Put bluntly, Georgio feels good when people step on him. Literally. Since he, as an otherwise well-behaved social being, needs help to realize his feelings, he’s a regular at some bars around New York City, where he wraps himself with his favorite rug and lays down below the counter. You’re welcome to put your feet on him, who’ll stay there quiet and still, enjoying other people’s conversations.
MI YING IS TU YANG
But before you climb up on your high mule and feel yourself all warm inside, because you can live without such a demanding set up to be a perfectly functioning member of society, let’s just say that Georgio may be eccentric but he’s no fool: as a matter of fact, he’s a professional ‘carpet person,’ or however they call such activity, and charges a fee to do, we assume, weddings and Mitzvahs.
It seems too that such a way to make a living is currently booming: there’s at least another individual that puts up similar stunts who calls himself Kevin Carpet. We don’t know about Kevin, but Giorgio does it for love, not money, and started enjoying ‘weights’ being placed on top of him from an early age. These days, his cats fittingly are all too happy to lie down on him at home.

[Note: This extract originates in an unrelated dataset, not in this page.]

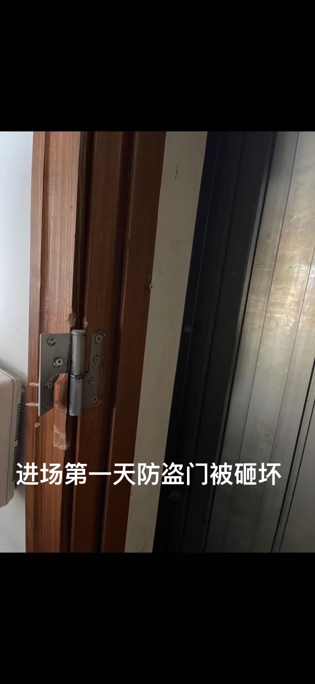 2.進(jìn)場特和施工隊長交代二扇門都不換、地板不換、窗臺大理石不換!當(dāng)場寫在墻上提示(有照片)結(jié)果第二天早上等我們趕到防盜門已被砸下~后續(xù)雖有裝上但已面目全非!不如原裝,我們至今自己買了顏料等還在修補~~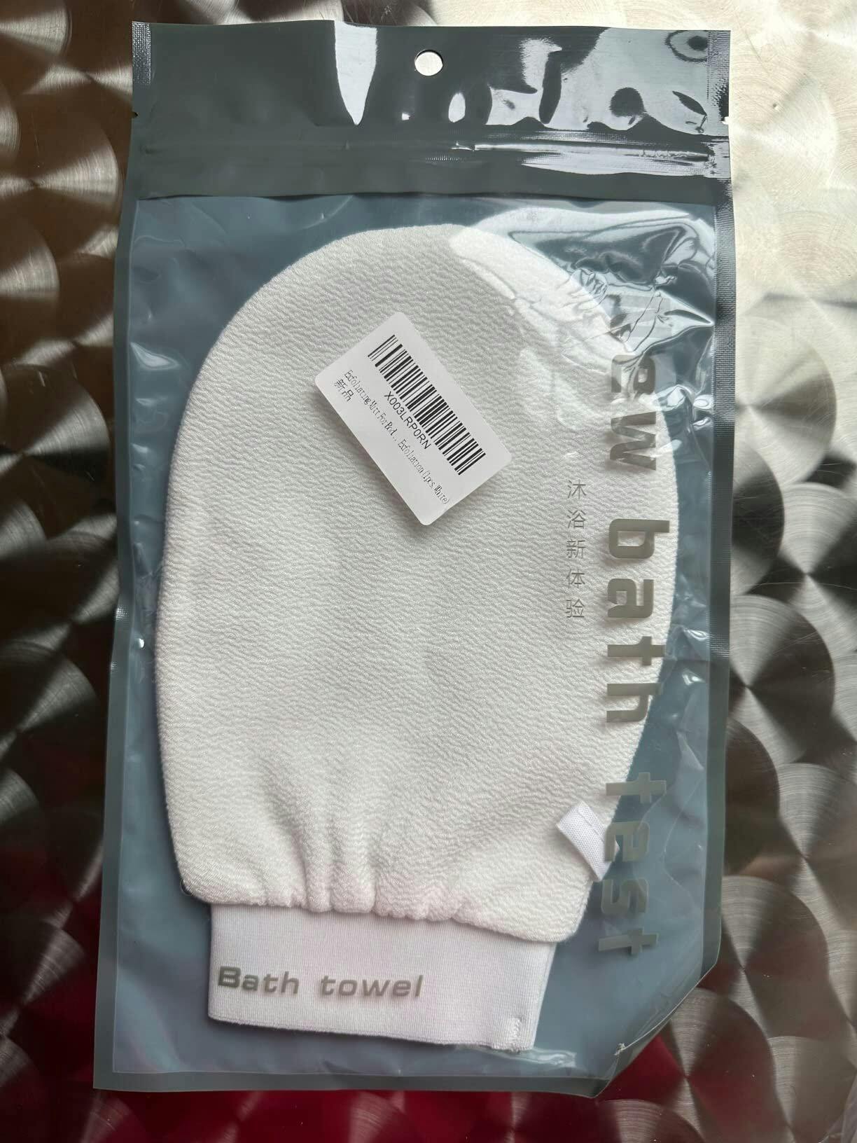 Recibí un guante exfoliante blanco de doble cara. Esta fue mi primera vez usando un guante exfoliante, así que no puedo compararlo con otros.

The city’s fetish-loving crowd is a constant caller of his ‘services’ too as it’s typical of the psychological conditions mentioned above, as it is in life, that opposites attract: so if you want to give, someone may be willing to receive and vice versa. We’re sadly plain vanilla on this department, so we can’t give it a spin, nor it needs it, or allow you or anyone else to kick it. That’s just it.

LAUGH AIN’T NO JOKE
It’s also said of life that it gives the juiciest bones to those without teeth, or they’re just crying babies, because the neighbor’s grass is astroturf. In the case of Dutchman Huug Bosse, life gave him a funny way of spending his days, and we don’t say funny the same way comedians work so hard to give the word its meaning. It’s been going on since 2010 and there’s seem to be no way to help the man.
Huug’s been laughing uncontrollably for the past few years, and if there was something hilarious about it, it’s been gone for good now. He could as well have hiccups for endless years, or shaking like some great people we know, due to a brain condition. But even if his is a similar malaise, he got it from a completely unexpected event of his life: a hip surgery.
Watching the guy being interviewed, it’s clear that he’s a nice chap overall and doesn’t seem to mind laughing on his own. His wife, though, shows that kind of strain of someone who’d rather be talking about something else, and we don’t even know whether she’d discuss serious matters with him, lest him make it a complete mess out of the conversation.
It quickly becomes apparent, though, that the condition now does have cerebral implications. To the sound of the Netherlands’ National Anthem, Huug stands and becomes almost mournful, and it doesn’t seem to have anything to do with patriotism. Anyone can see that for this man, to whom spontaneous laughter is no longer an option, there’s a longing within, to perhaps one day be taken seriously again.